# TASK TO CARRY OUT:
Please write out exactly the lines from the one with "行李晚到国足取消训练 酒店大堂里轻松手机刷屏" through the end of the data below, both ends included, and omit any pictures.

╭─ RECORDS FOR THIS EXERCISE

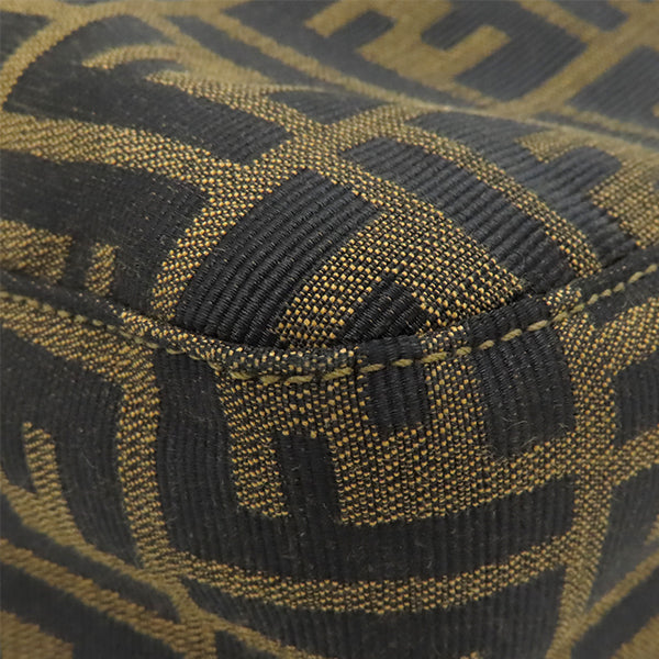 フェンディ FENDI ズッカ ブラウン×ダークブラウン キャンバス レザー ショルダーバッグ ゴールド金具 茶 FF 肩掛け
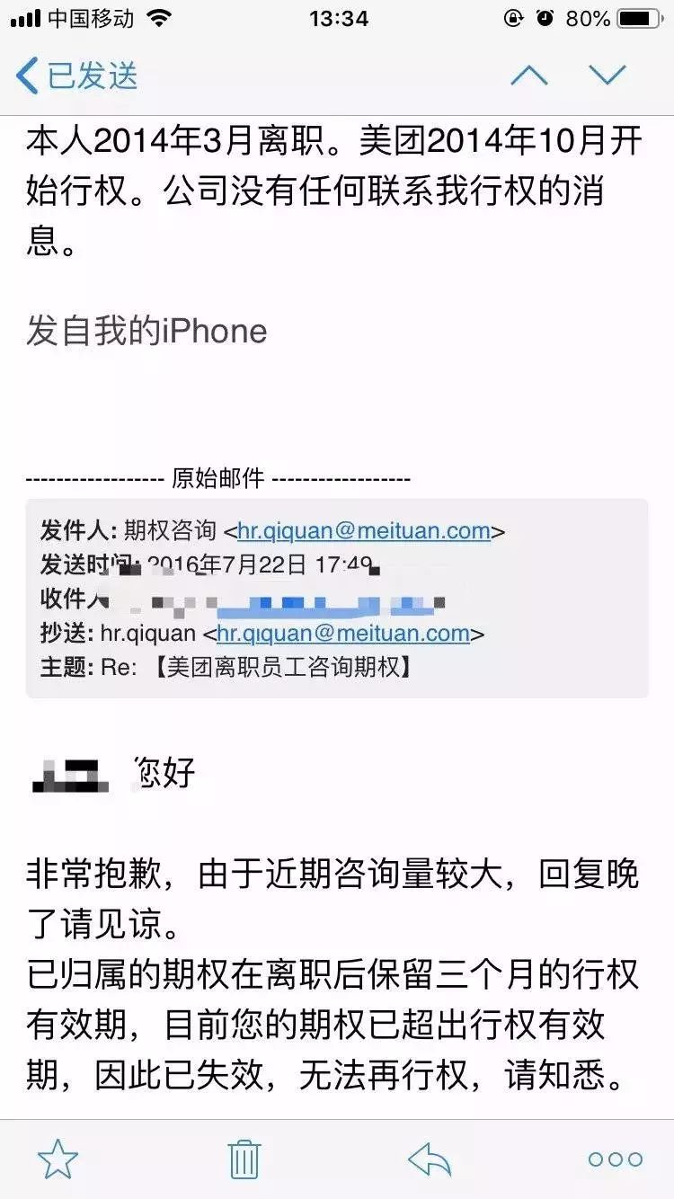 在美团工作超5年的阿苍2015年离职,办理手续时经同事提醒要求行权。彼时美团正值与大众点评合并,美团邮件解释称以内合并影响,她的“离职不牵扯多少天行权,财务理顺期权关系后可行权时会通知”。一等就是一年,一年之后再联系是,原来的对接人已经离职,新对接人表示已经行权通知,过期失效了。
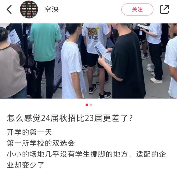 有人体感今年学校双选会的企业数量不如往年,现场僧多粥少,求职学生多、适配企业少。
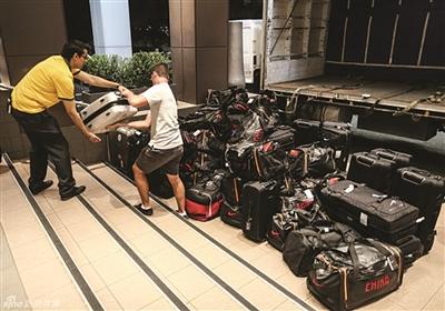 行李晚到国足取消训练 酒店大堂里轻松手机刷屏
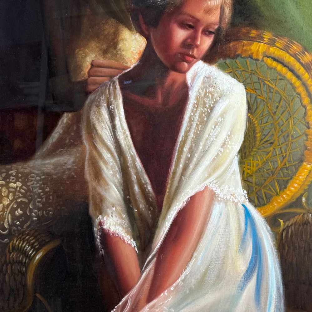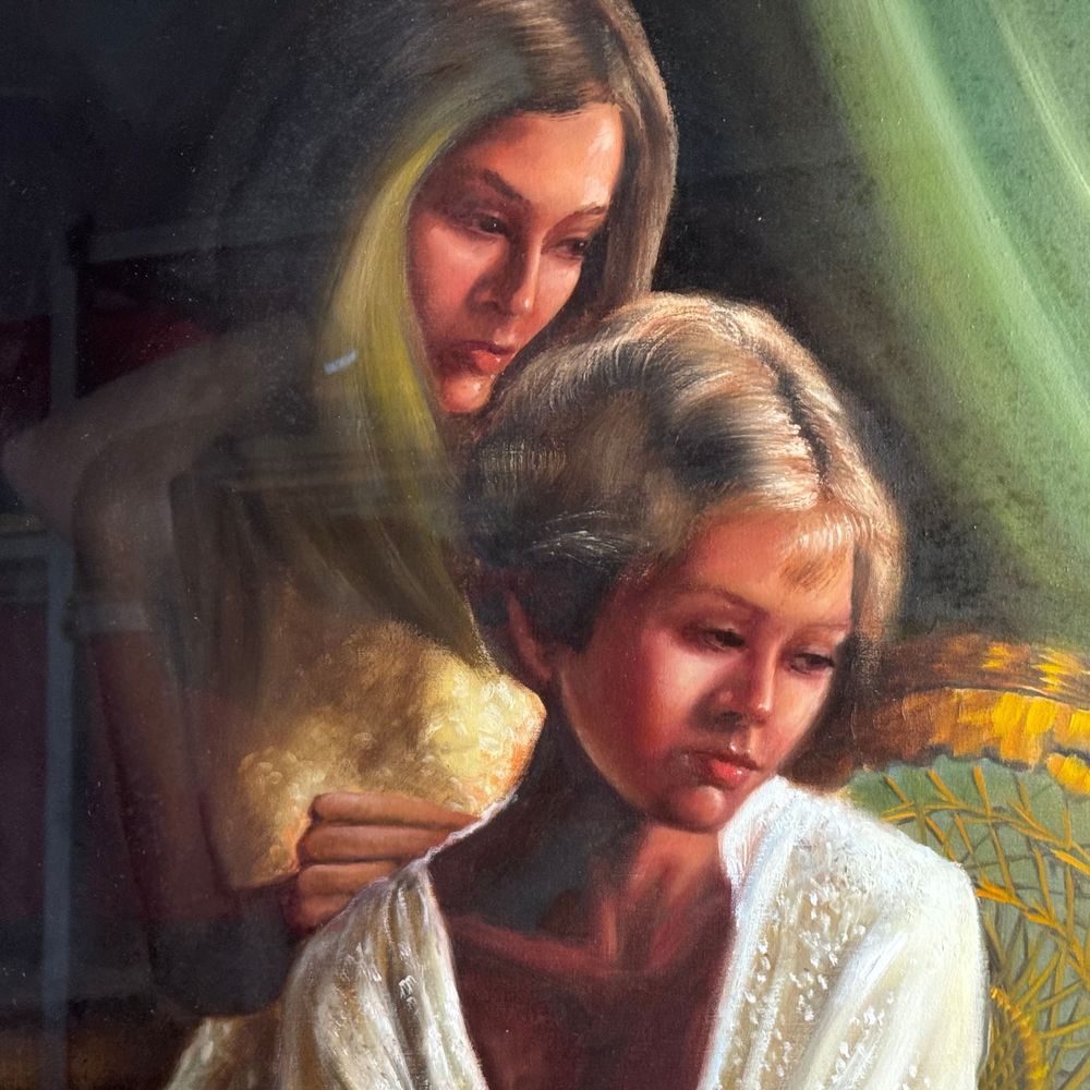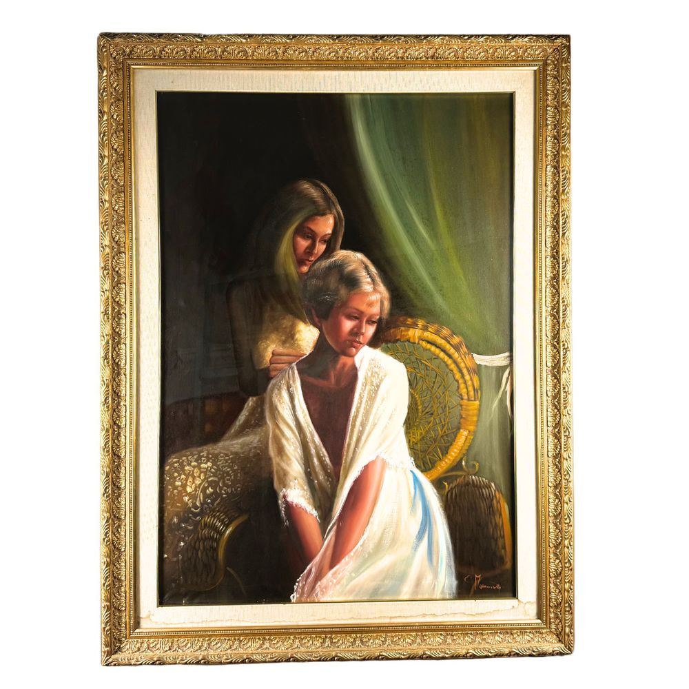 Dipinto olio su tela, periodo XX secolo scuola italiana, raffigurante Ritratto di due donne in un interno. Dimensioni interno cornice: 70x100 cm. Dimensioni compreso cornice: 89x120 cm. Reca firma in basso a sinistra da Moritz (artista non identificato). Opera in buone condizioni.
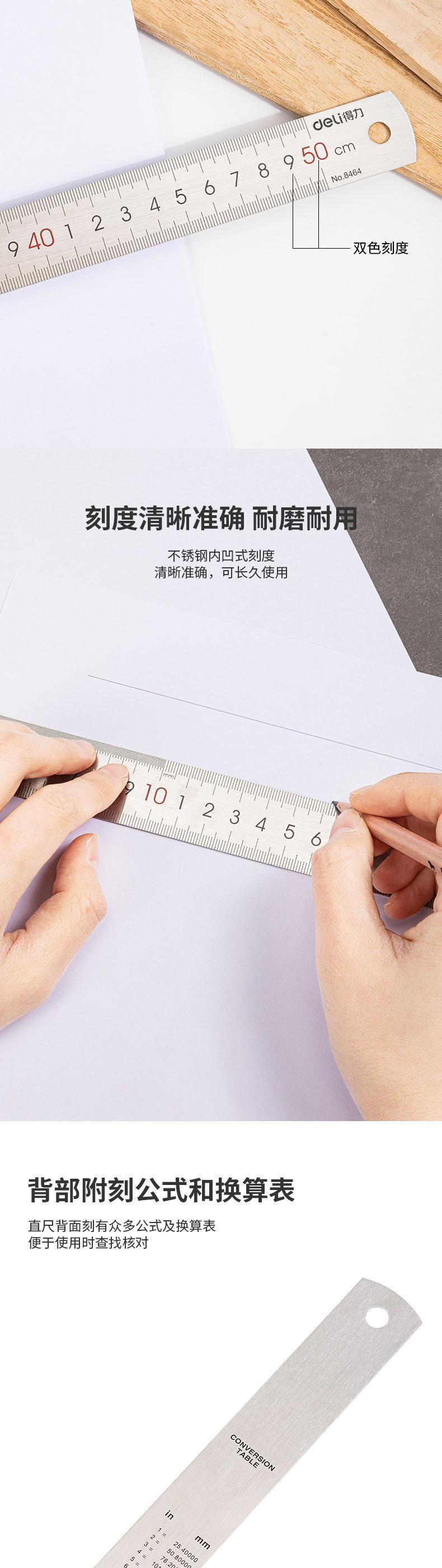 Compre Deli 8464 Régua de Aço 50cm Régua de Aço Inoxidável Régua Reta Régua de Escala de Desenho de Medição Material de Escritório no atacado no Joom.pro
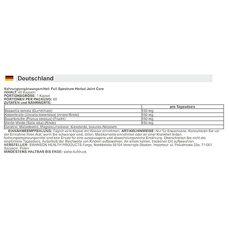 Sản phẩm Swanson - Full Spectrum Herbal Joint Care | Joint and Mobility Support - 60 Capsules đang được bán với giá ưu đãi là $25.2008 tại nước Anh.
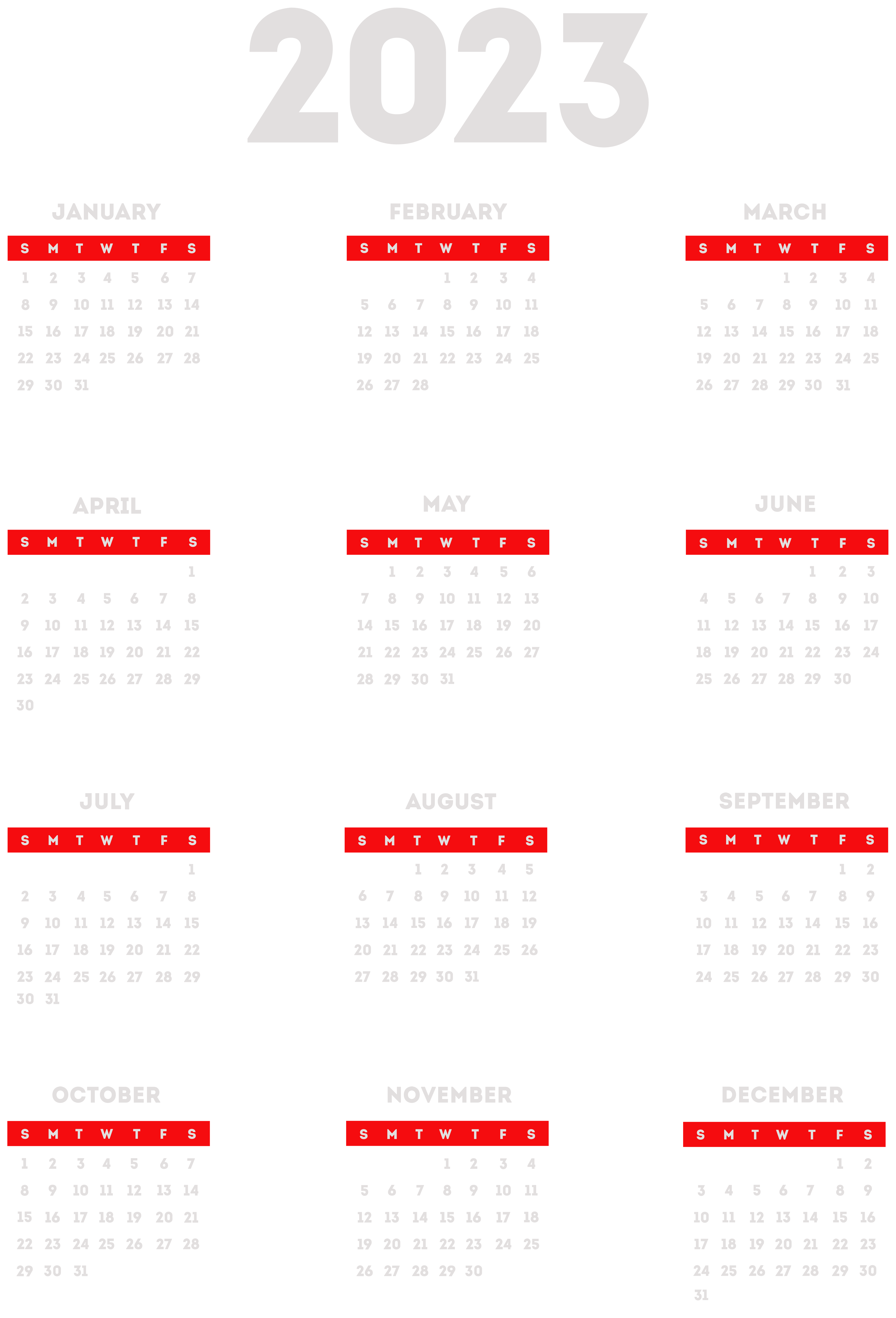 This Clipart Image: "2023 Calendar Transparent White PNG Clipart" is part of
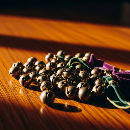 This stunning close-up showcases shimmering gold sequins and delicate bells, creating a luxurious and festive appearance ideal for celebrations and artistic projects.
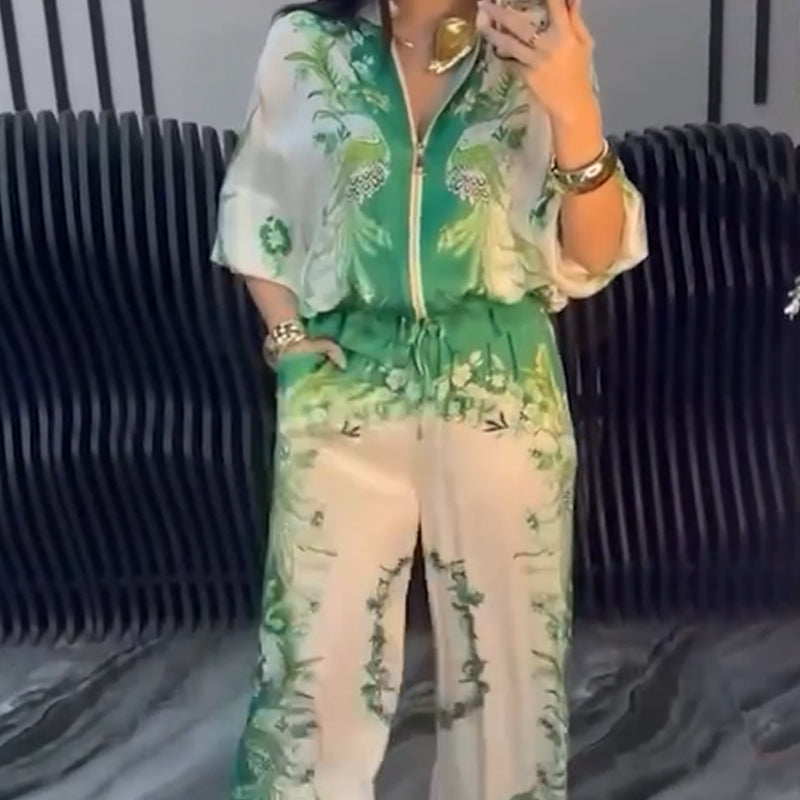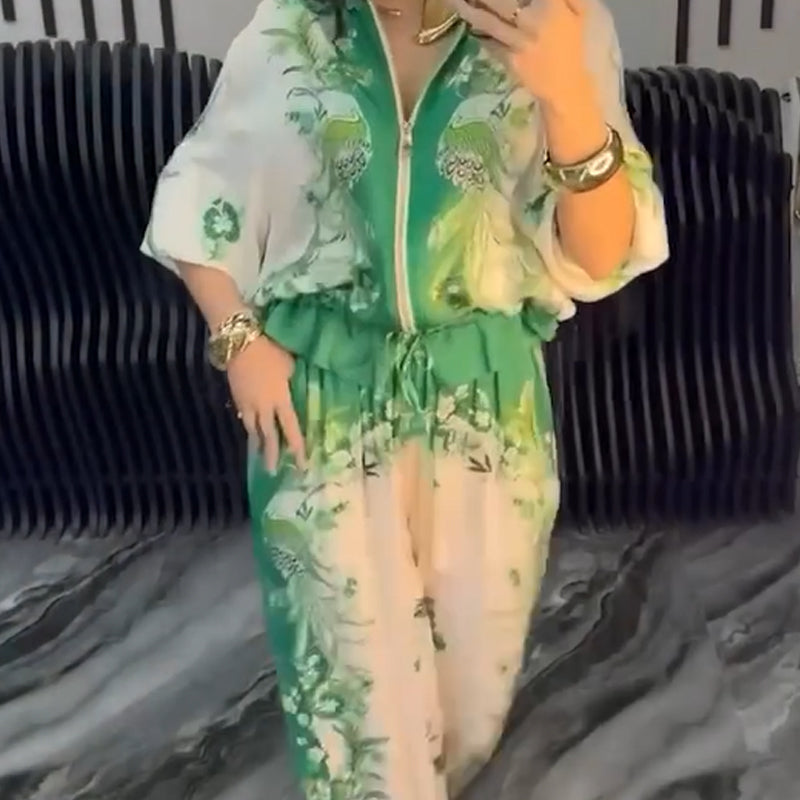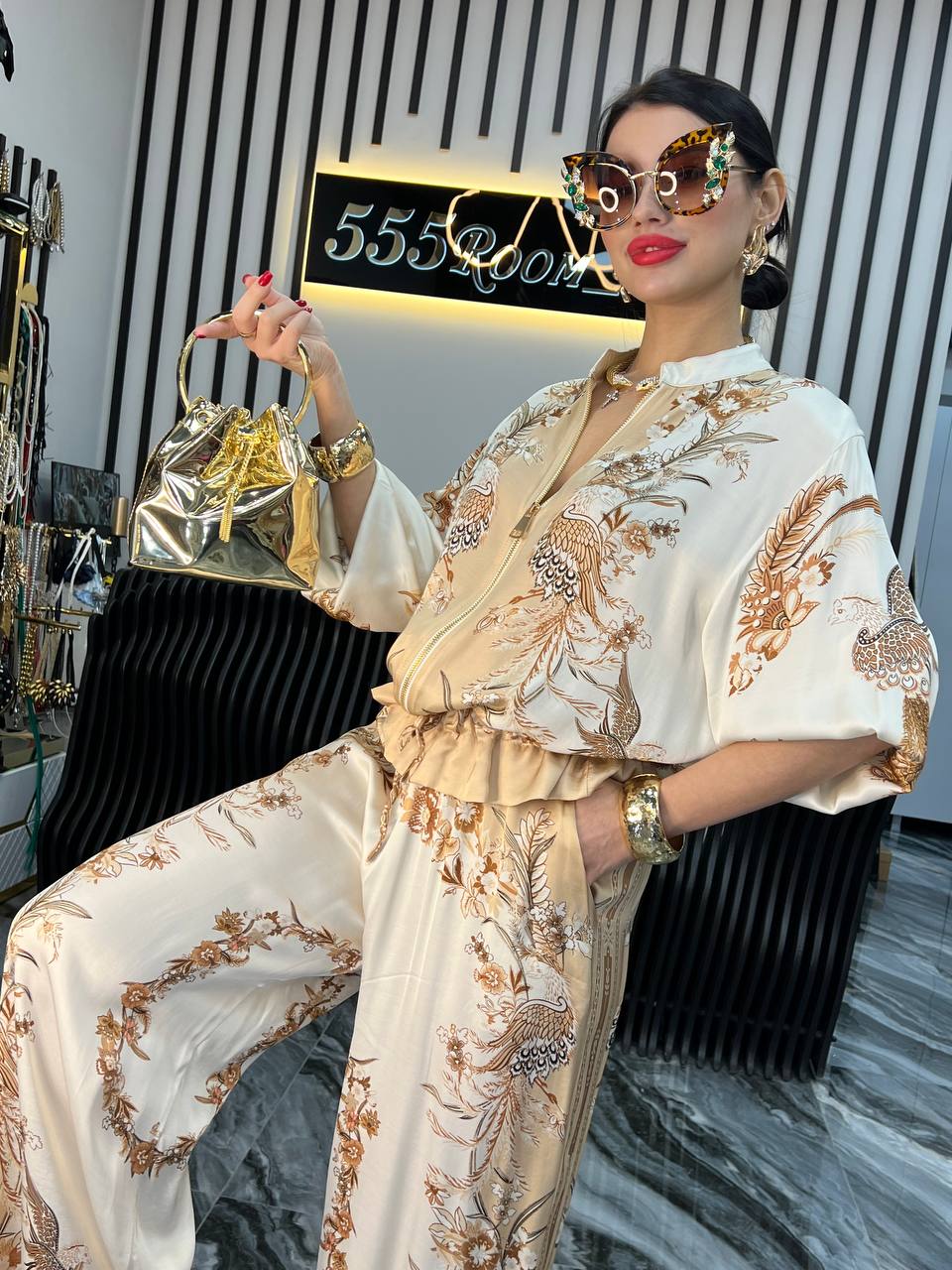Elegantiškas gėlių raštas: šis dviejų dalių rinkinys pasižymi subtiliais gėlių atspaudais, suteikiančiais elegantišką įspūdį, kuris be vargo paryškina jūsų rafinuotą stilių tiek kasdienėms, tiek iškilmingoms progoms.

╰─

# RESPONSE AREA:
 行李晚到国足取消训练 酒店大堂里轻松手机刷屏
 Dipinto olio su tela, periodo XX secolo scuola italiana, raffigurante Ritratto di due donne in un interno. Dimensioni interno cornice: 70x100 cm. Dimensioni compreso cornice: 89x120 cm. Reca firma in basso a sinistra da Moritz (artista non identificato). Opera in buone condizioni.
 Compre Deli 8464 Régua de Aço 50cm Régua de Aço Inoxidável Régua Reta Régua de Escala de Desenho de Medição Material de Escritório no atacado no Joom.pro
 Sản phẩm Swanson - Full Spectrum Herbal Joint Care | Joint and Mobility Support - 60 Capsules đang được bán với giá ưu đãi là $25.2008 tại nước Anh.
 This Clipart Image: "2023 Calendar Transparent White PNG Clipart" is part of
 This stunning close-up showcases shimmering gold sequins and delicate bells, creating a luxurious and festive appearance ideal for celebrations and artistic projects.
Elegantiškas gėlių raštas: šis dviejų dalių rinkinys pasižymi subtiliais gėlių atspaudais, suteikiančiais elegantišką įspūdį, kuris be vargo paryškina jūsų rafinuotą stilių tiek kasdienėms, tiek iškilmingoms progoms.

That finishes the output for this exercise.